--- PROVIDED RECORDS Enclosed Below ---
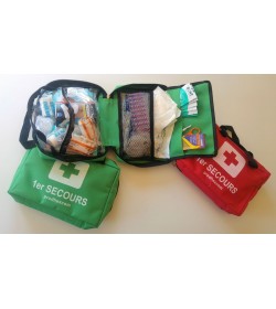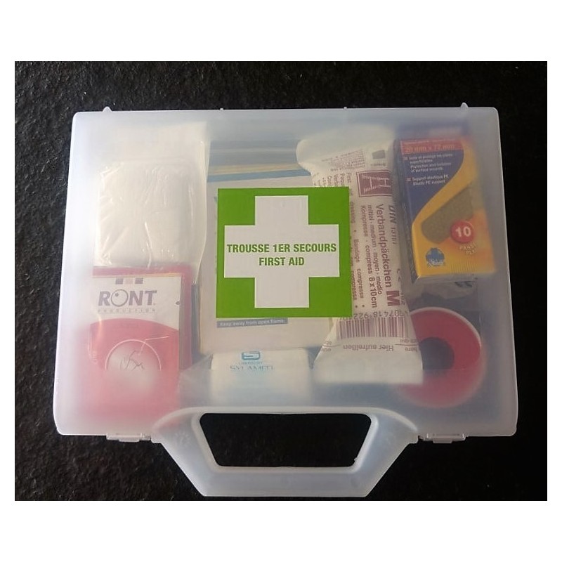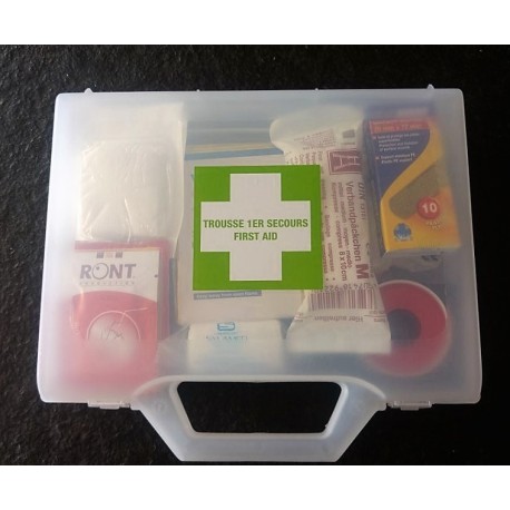 Trousse de Secours Véhicule - Auto Polypropylène transparent. Dimensions : 244 x 184 x 46 mm. 2 à 4 personnes. Composition de la trousse pleine | |
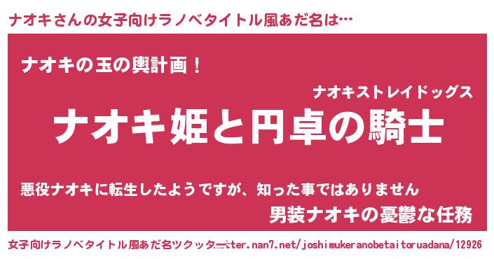 | 男性向けラノベタイトル風あだ名 | 『ナオキの憂鬱』 |
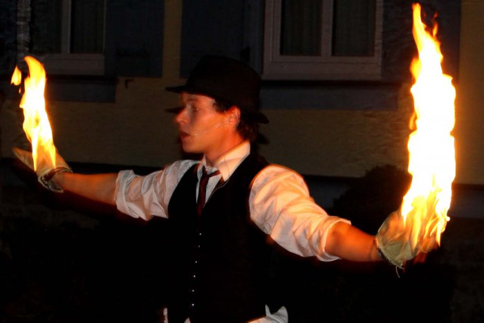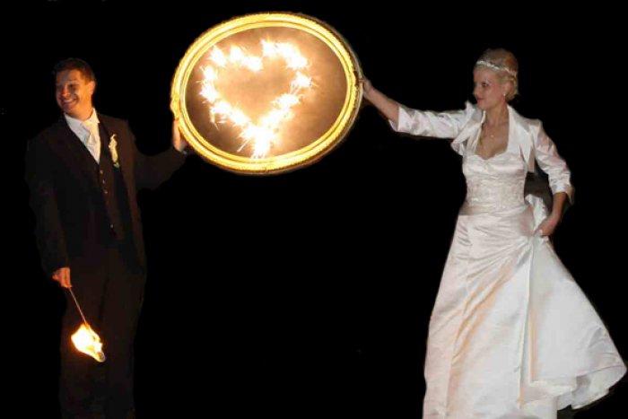 Zu späterer Stunde verzaubern wir mit der Kraft des Feuers: Das Feuertheater „Maria de Buenos Aires“ erzählt die Geschichte der Liebe mit romantischer Walzermusik, leidenschaftlichem Tango, Tanz und Feuerartistik. Höhepunkt der Show ist das von den Brautleuten selbst entzündete brennende Herz, welches das frisch getraute Paar auf einzigartige Weise in Szene setzt.
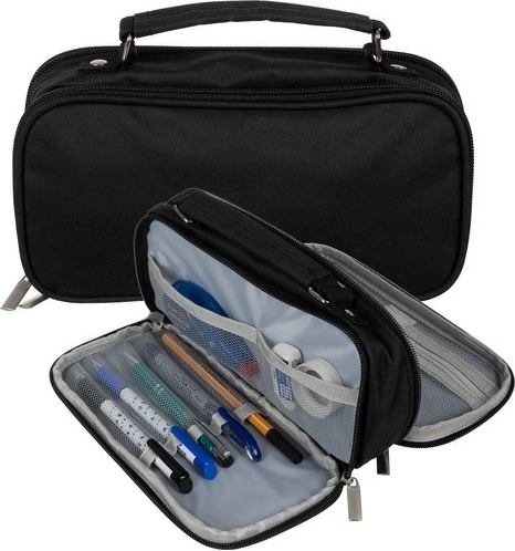 Scheid schrijfwaren, accessoires en elektronica. Tweepuntsritsen zorgen voor snel en gemakkelijk openen vanaf beide kanten.
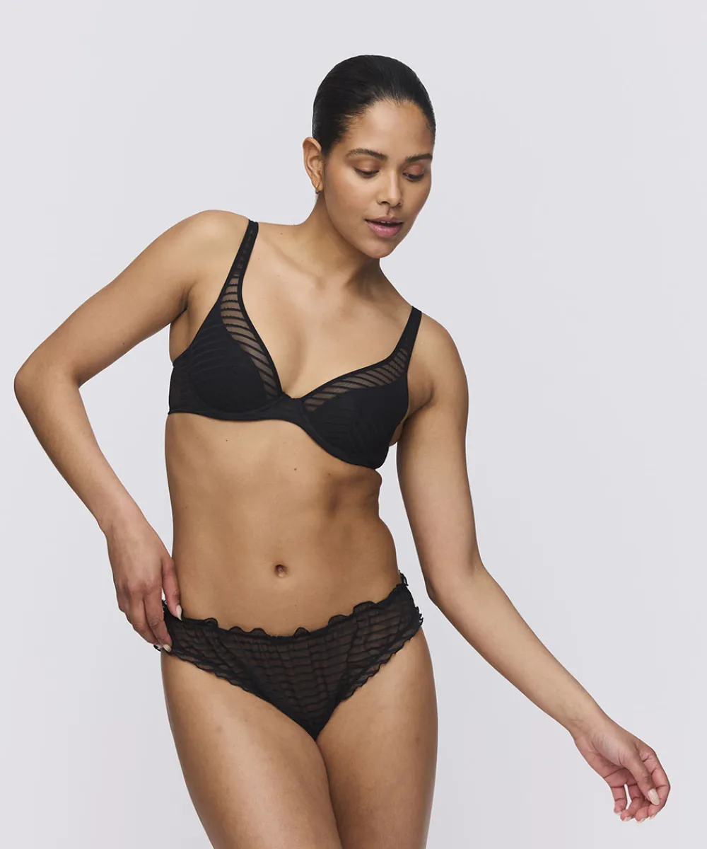 Elegant taitrusse fra Marie Jo lavet i mikrofiber med luksuriøs mesh. Taitrussen er den bedstsolgte og mest almindelige trussetype. Taitrussen har som regel et skråt snit bagpå og dækker det meste af balderne. Et højt bensnit fortil og et smalt sidestykke får benene til at syne længere – altså er modellen god til dig, der gerne vil fremhæve ben og tilføre optisk længde. Materiale: 61% polyamid 34% elastan 5% bomuld
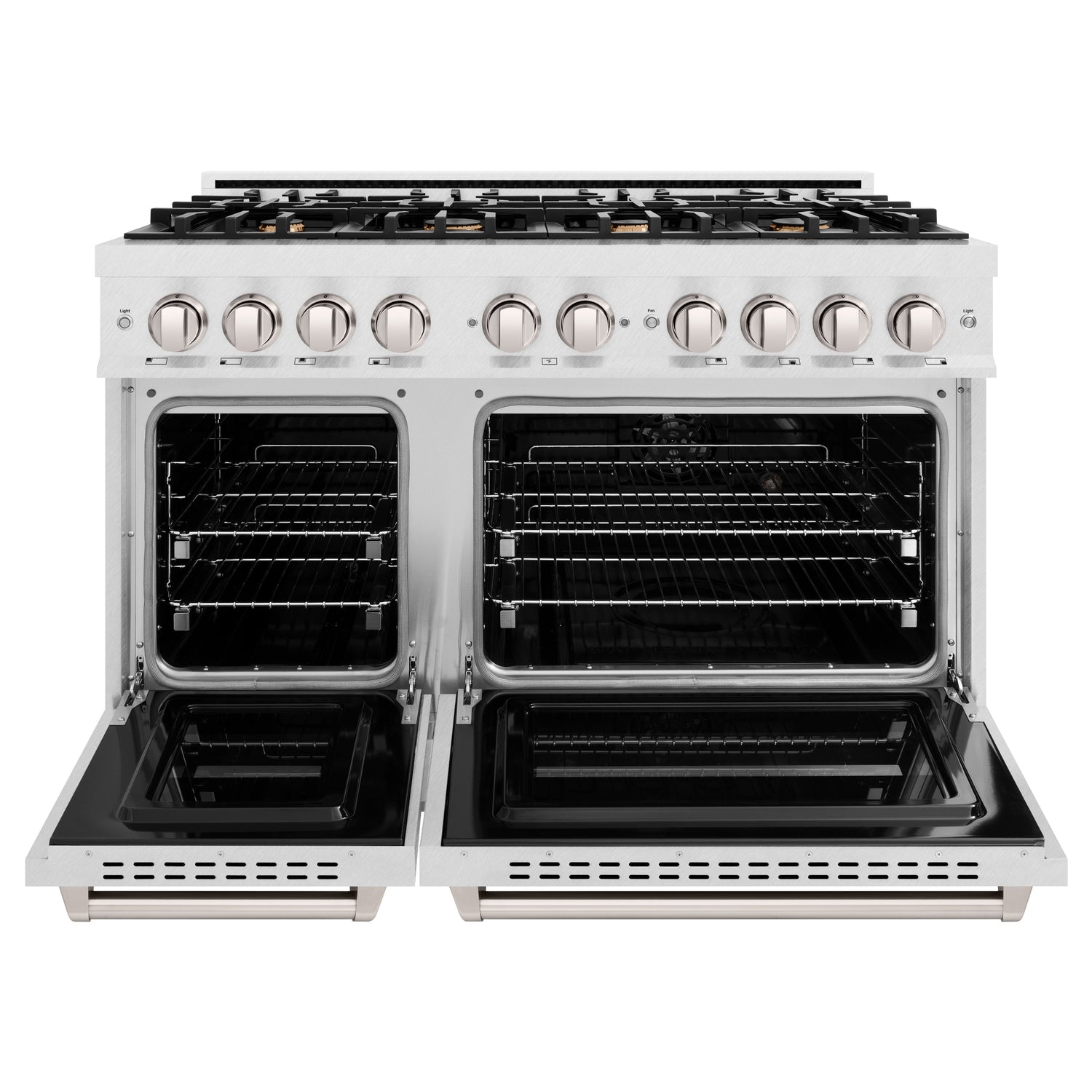 Luxury isn’t meant to be left desired—it’s meant to be attainable. The ZLINE 48 in. 6.7 cu. ft. Classic Double Oven Dual Fuel Range in Satin Stainless Steel with 8 Brass Burners (CDRS-BR-48) combines the elegance of a hand-finished porcelain gas cooktop with 8 Italian-made brass auto-reignition burners, a large electric convection oven with an energy-efficient cooling fan to ensure quiet operation, a small bake-and-broil oven, and Landscape oven door window designs allowing you to master every meal. With a modern, timeless style and refined functionality, ZLINE Classic Dual Fuel Ranges are masterfully crafted to deliver an elevated culinary experience.
--- End of Enclosed PROVIDED RECORDS ---
■ TASK ITEM: When you set down the material above, keep every word exact and include no pictures.

■ TASK RESULT:
 Trousse de Secours Véhicule - Auto Polypropylène transparent. Dimensions : 244 x 184 x 46 mm. 2 à 4 personnes. Composition de la trousse pleine | |
 | 男性向けラノベタイトル風あだ名 | 『ナオキの憂鬱』 |
 Zu späterer Stunde verzaubern wir mit der Kraft des Feuers: Das Feuertheater „Maria de Buenos Aires“ erzählt die Geschichte der Liebe mit romantischer Walzermusik, leidenschaftlichem Tango, Tanz und Feuerartistik. Höhepunkt der Show ist das von den Brautleuten selbst entzündete brennende Herz, welches das frisch getraute Paar auf einzigartige Weise in Szene setzt.
 Scheid schrijfwaren, accessoires en elektronica. Tweepuntsritsen zorgen voor snel en gemakkelijk openen vanaf beide kanten.
 Elegant taitrusse fra Marie Jo lavet i mikrofiber med luksuriøs mesh. Taitrussen er den bedstsolgte og mest almindelige trussetype. Taitrussen har som regel et skråt snit bagpå og dækker det meste af balderne. Et højt bensnit fortil og et smalt sidestykke får benene til at syne længere – altså er modellen god til dig, der gerne vil fremhæve ben og tilføre optisk længde. Materiale: 61% polyamid 34% elastan 5% bomuld
 Luxury isn’t meant to be left desired—it’s meant to be attainable. The ZLINE 48 in. 6.7 cu. ft. Classic Double Oven Dual Fuel Range in Satin Stainless Steel with 8 Brass Burners (CDRS-BR-48) combines the elegance of a hand-finished porcelain gas cooktop with 8 Italian-made brass auto-reignition burners, a large electric convection oven with an energy-efficient cooling fan to ensure quiet operation, a small bake-and-broil oven, and Landscape oven door window designs allowing you to master every meal. With a modern, timeless style and refined functionality, ZLINE Classic Dual Fuel Ranges are masterfully crafted to deliver an elevated culinary experience.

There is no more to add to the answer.